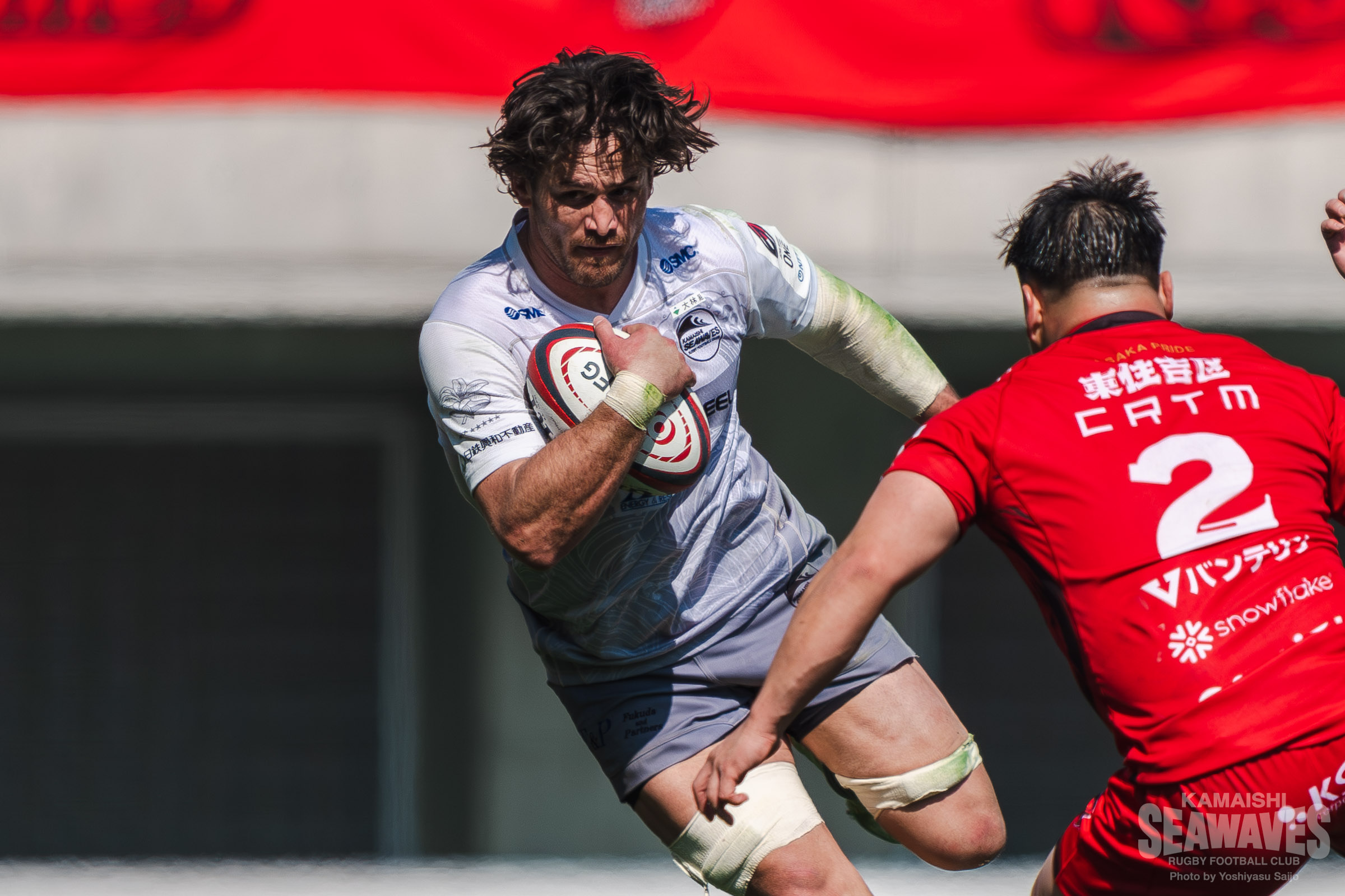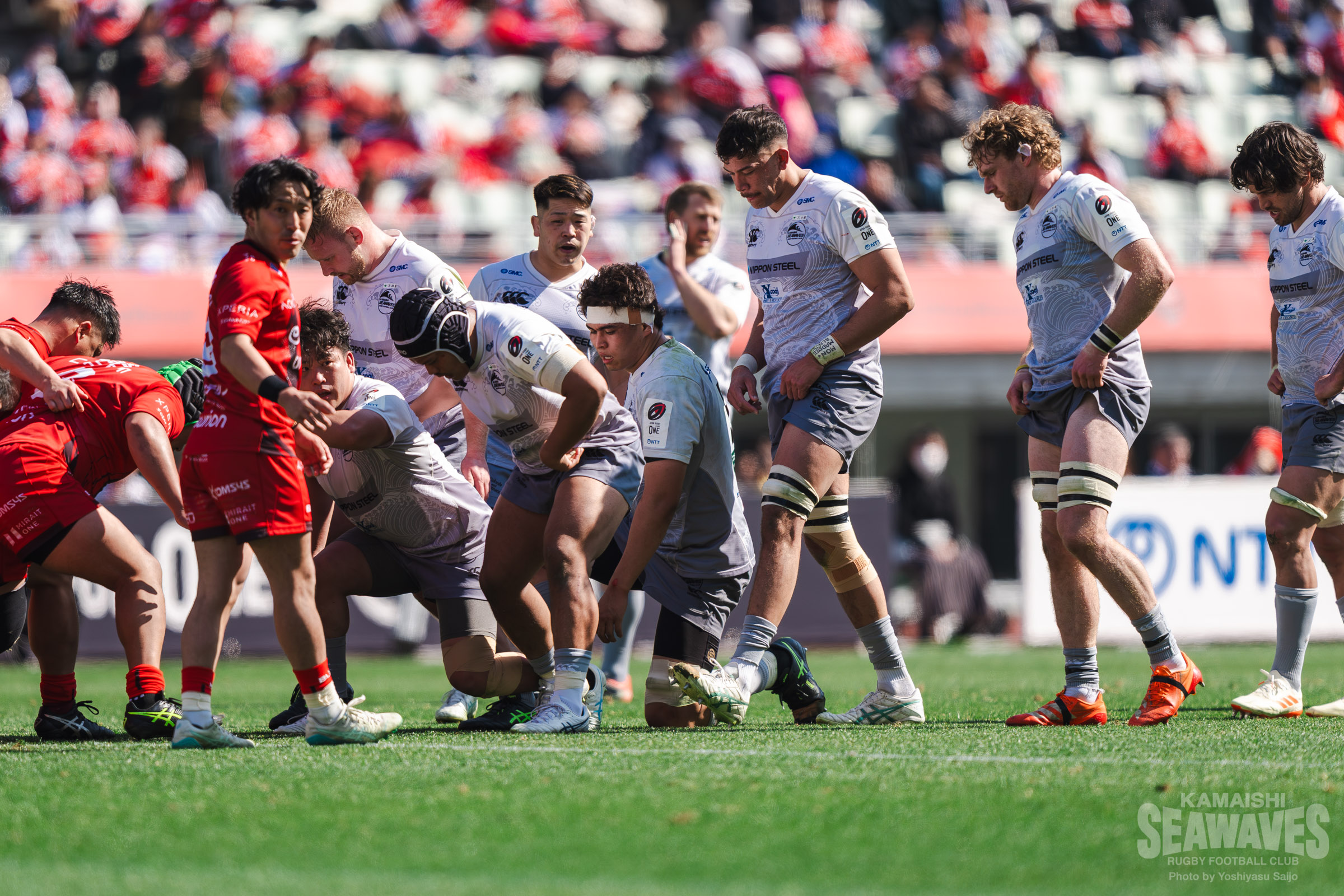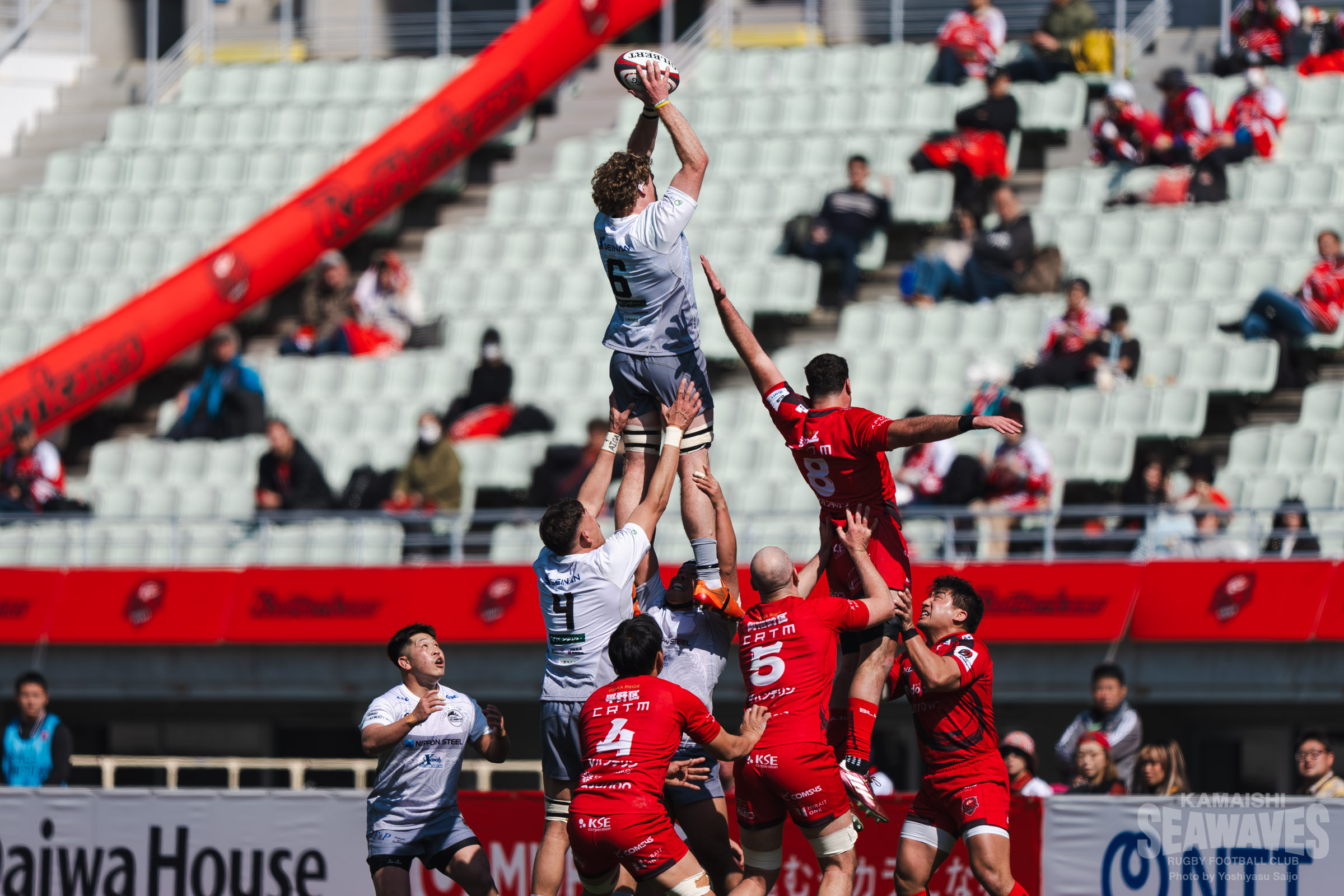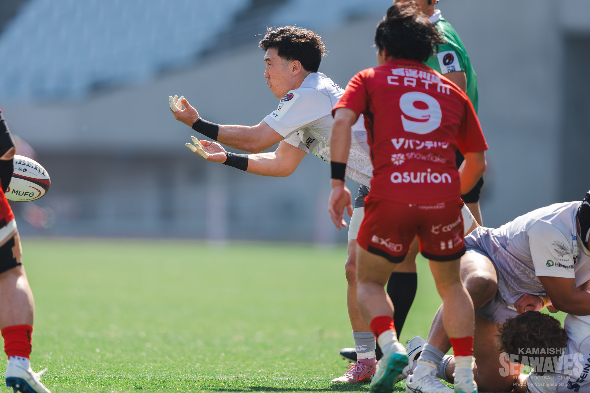 2月8日(土)に開催予定だったジャパンラグビーリーグワン ディビジョン2 第5節・NECグリーンロケッツ東葛戦は、大雪の影響により3月22日に延期となりました。そのため、日本製鉄釜石シーウェイブス(以下、釜石SW)にとって1カ月以上の間隔が空いた公式戦となったのが、2月21日(土)に行われたビジターゲーム、レッドハリケーンズ大阪(以下、RH大阪)との第6節。晴天のヤンマースタジアム長居でキックオフを迎えました。
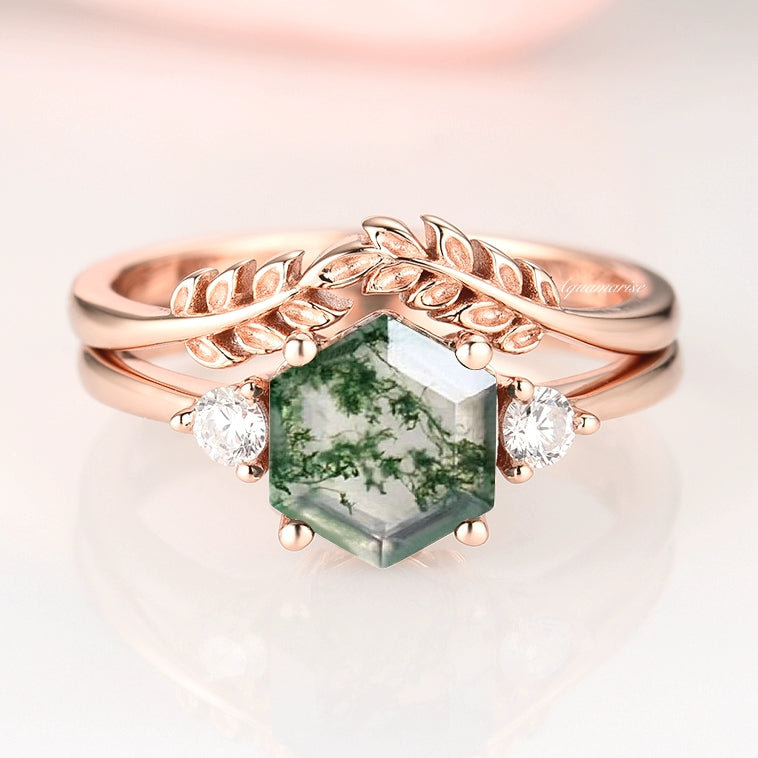 Natural Hexagon Moss Agate Engagement Ring Set- 14K Rose Gold Vermeil
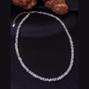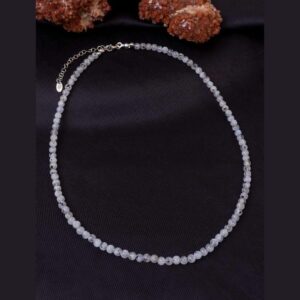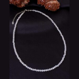 Ay Taşı Doğaltaş Kadın Kolye 4mm Taşlar 42cm + 4,5cm Uzatma 925 Ayar Gümüş Aparatlı
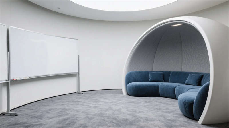 核心區域聚焦功能與美學的平衡:前臺木格柵墻以線性燈光延展空間縱深感;開放式工位區通過綠植與幾何畫作注入生機;獨立辦公室運用胡桃木與皮質元素提升質感,整墻書架成為智慧沉淀的象征。過渡空間被賦予多重價值——走廊生態墻引入自然呼吸,蛋形討論艙激發即興靈感,階梯圖書館則營造沉思角落。
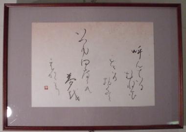 私の友人には公務員が何人かいるのですが、そのうちの一人から、先日聞いた話。厚生労働省が発行している国家資格には色々なものがありますが(たとえば医師とか、看護師とか)、いわゆる「お免状」には、発行時点の大臣や、厚労省の局長さん等の署名が入る。今回の組閣はどうなるかわかりませんが、とにかくそんなことで、大臣が代わると書類の変更が大変らしいです。…が、今回のメインテーマはそこではなく「署名」そのものの方。大事な免状ですから、当然文面は格式高く明朝の毛筆体、そして署名は、ご本人が筆で書いたものがプリントされるようなのですが…これが、哀しいほど下手っぴぃだったりするらしい(笑)彼女が言うには、「何年もかけて勉強して、試験に合格してやっと取った免許なのに、こんな小学生の書初めみたいな署名か??って思われるんじゃないかって、渡すときにドキドキしてしまう」くらい、すごいレベルの人もいるとか…大臣はまだマシだけど、お役人のレベルは本当にひどい。出世するつもりなら習字の練習もちゃんとしておけ!!というのが、彼女の言い分らしい。そういえば、以前、友人の結婚式で受付の係を務めたとき、新郎側の来賓で当時の現役大臣がいらして、芳名帳にそれはそれは見事な達筆で署名されていったのを思い出しました。(私なんて、そういうシチュエーションで、サインペンではなく毛筆をお選びになる時点で、もう尊敬の眼差し!!です)でも、たかだか数十年前の日本人にとっては当たり前のことだった「書道の心得」も、今では一般的な教養やたしなみのうちには入らなくなってしまいましたものね。文字の魅力は、巧いヘタより、究極は「その人の持ち味があるかどうか」だと思うのですよ。ただ、オフィシャルな場で筆を握らなければいけない人には、やっぱり美しい楷書を書いてもらいたい、という気もいたします。小学校の教育現場では「ゆとり教育」の反省から「読み書きそろばん」の復権も叫ばれているらしいですが…この際、中途半端にヘタな英語なんか教えるよりは、お習字の時間を増やした方が、大人になっても役立つスキルになるかも??で、昨日のニュースで、皇族譜に悠仁親王のお名前を書き込まれていた宮内庁の羽毛田長官は、さすがの達筆でいらっしゃいました(笑)実は、数年前にちょっとだけかな書道をかじったことがあります…PCのデータを整理していたら、以前書いた作品の写真が出てきました。心静かに墨をする時間って、とっても気分が落ち着いて大好きでした。しかし、かな書道の「上手い・下手」は、未だにどう判断するのかよくわからない(笑)

(Task): Each line from the start of the entries through the line with "Natural Hexagon Moss" is to be restated exactly, and the pictures are to be skipped.

(Result for this exercise):
 2月8日(土)に開催予定だったジャパンラグビーリーグワン ディビジョン2 第5節・NECグリーンロケッツ東葛戦は、大雪の影響により3月22日に延期となりました。そのため、日本製鉄釜石シーウェイブス(以下、釜石SW)にとって1カ月以上の間隔が空いた公式戦となったのが、2月21日(土)に行われたビジターゲーム、レッドハリケーンズ大阪(以下、RH大阪)との第6節。晴天のヤンマースタジアム長居でキックオフを迎えました。
 Natural Hexagon Moss Agate Engagement Ring Set- 14K Rose Gold Vermeil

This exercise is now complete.